S Pass and Employment Pass holders – increase in salary criteria to qualify for accompanying dependants, from 1 January 2018
Effective 1 January 2018, S Pass and Employment Pass holders will need to earn at least:
- S$6,000 per month (an increase from the previous salary criteria of S$5,000 per month) to bring their spouse or children to Singapore on a Dependant's Pass; and
- S12,000 per month (an increase from the previous salary criteria of S$10,000 per month) to bring their parents to Singapore on a Long Term Visit Pass.
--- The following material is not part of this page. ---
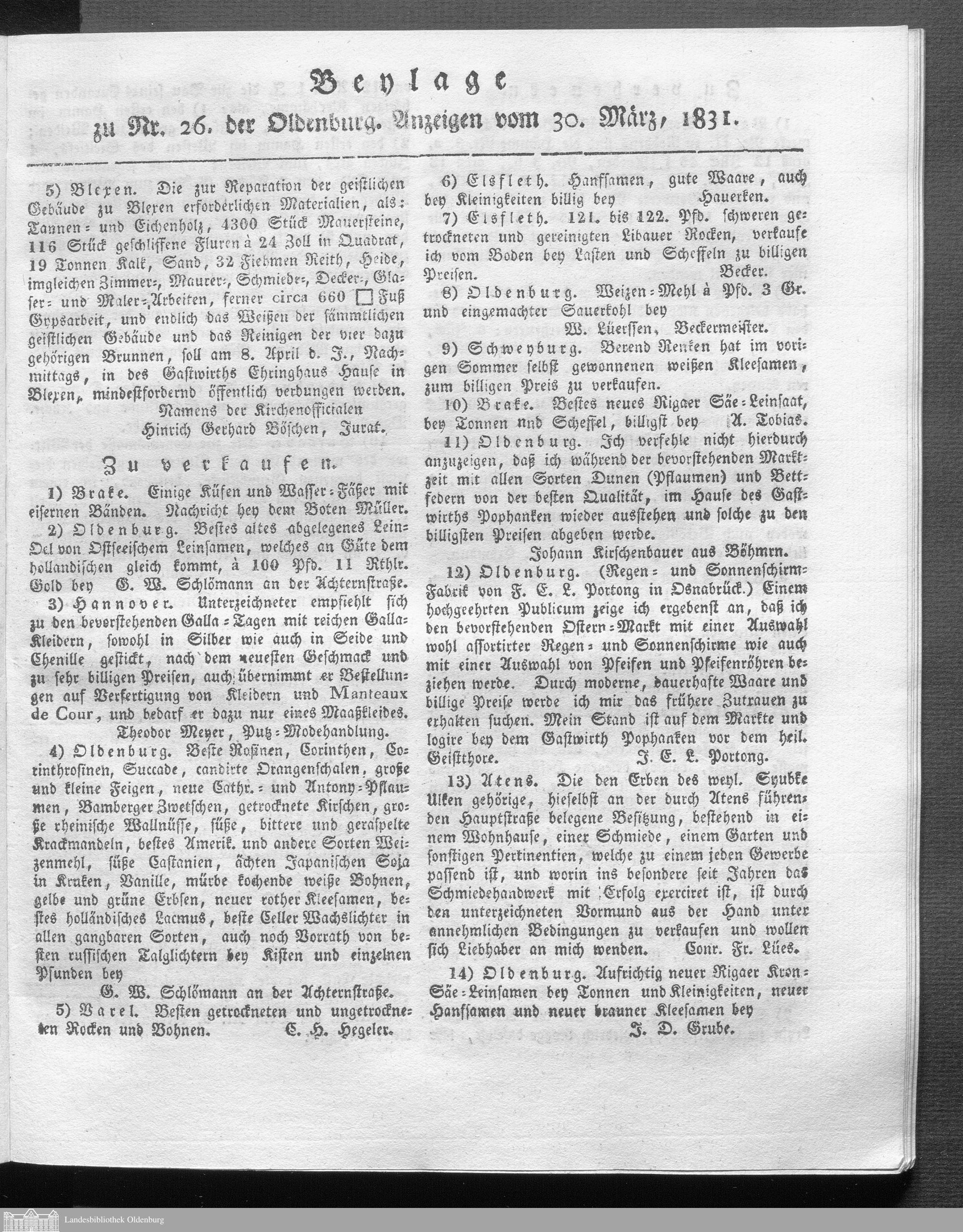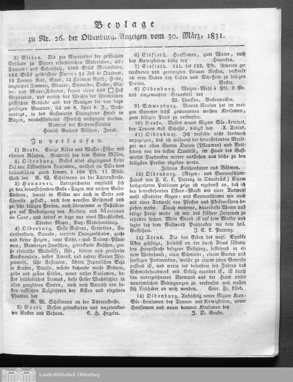 Oldenburgische Anzeigen. 1826-1960

New work passes with QR code and SGWorkPass app
Quick Response (QR) codes will be printed on new work passes, which can be read using the new SGWorkPass mobile app. This system is to facilitate verification of variable employment information on the work pass.
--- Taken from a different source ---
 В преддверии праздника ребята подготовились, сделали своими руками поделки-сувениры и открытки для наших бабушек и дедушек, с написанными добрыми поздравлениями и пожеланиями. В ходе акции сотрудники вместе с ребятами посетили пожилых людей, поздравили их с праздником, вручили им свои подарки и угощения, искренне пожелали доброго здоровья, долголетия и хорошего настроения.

The new system will be implemented in phases:
Phase 1 (from 15 September 2017) • Work Permit (Marine Shipyard sector)
- Work Permit (Construction sector)
Phase 2 (January 2018) • Work Permit (Manufacturing sector)
- Work Permit (Process sector)
- Work Permit (Services sector)
Phase 3 (March 2018) • Work Permit (Domestic sector)
- S Pass
- Employment Pass
- Related Dependant's Pass / Long Term Visit Pass
The new card with the QR code will be implemented for issuance, renewal or replacement of work pass cards from the start of the relevant implementation phase for that work pass. For other employees who are already on a work pass and who have received a card before the implementation phase, the existing cards are still valid and can continue to be used until the next issuance, renewal or replacement.
Changes to the Workplace Safety and Health Act
- On 6 November 2017, several changes to the Workplace Safety and Health Act (Cap. 354A) ("WSH Act") were passed in Parliament with the intention of achieving safer and healthier workplaces by strengthening the culture of preventing harm. The changes are outlined below:
- From 1 January 2018, a company will face a maximum fine of S$50,000 (up from S$20,000), if (a) it is found to have committed an offence that may cause or result in any death or serious bodily injury, or (b) there is any dangerous occurrence in the workplace.
- From 1 January 2018, the Ministry of Manpower ("MOM") can share with the public the recommendations and learning points from accidents before the conclusion of criminal proceedings with a view to helping prevent the recurrence of similar accidents. Learning reports are not intended to and will not apportion blame or liability, and will not be admissible in civil, criminal, arbitral or disciplinary proceedings.
- The scope of personal liability protection to the MOM Commissioner, Deputy Commissioner, inspectors and authorised officers (collectively, "MOM officers") will now be extended to all acts done in good faith and with reasonable care in the carrying out of their duties under the WSH Act. Previously, the personal liability protection for MOM officers under the WSH Act was limited to equipment damage due to a prescribed examination or test, and acts done by the Commissioner and Deputy Commissioner in relation to remedial or stop-work orders.
- To ensure that workplace safety and health courses remain relevant to the industry and are constantly kept up to date, their accreditation will be shifted from MOM to SkillsFuture Singapore. The accreditation change will be completed by 2019.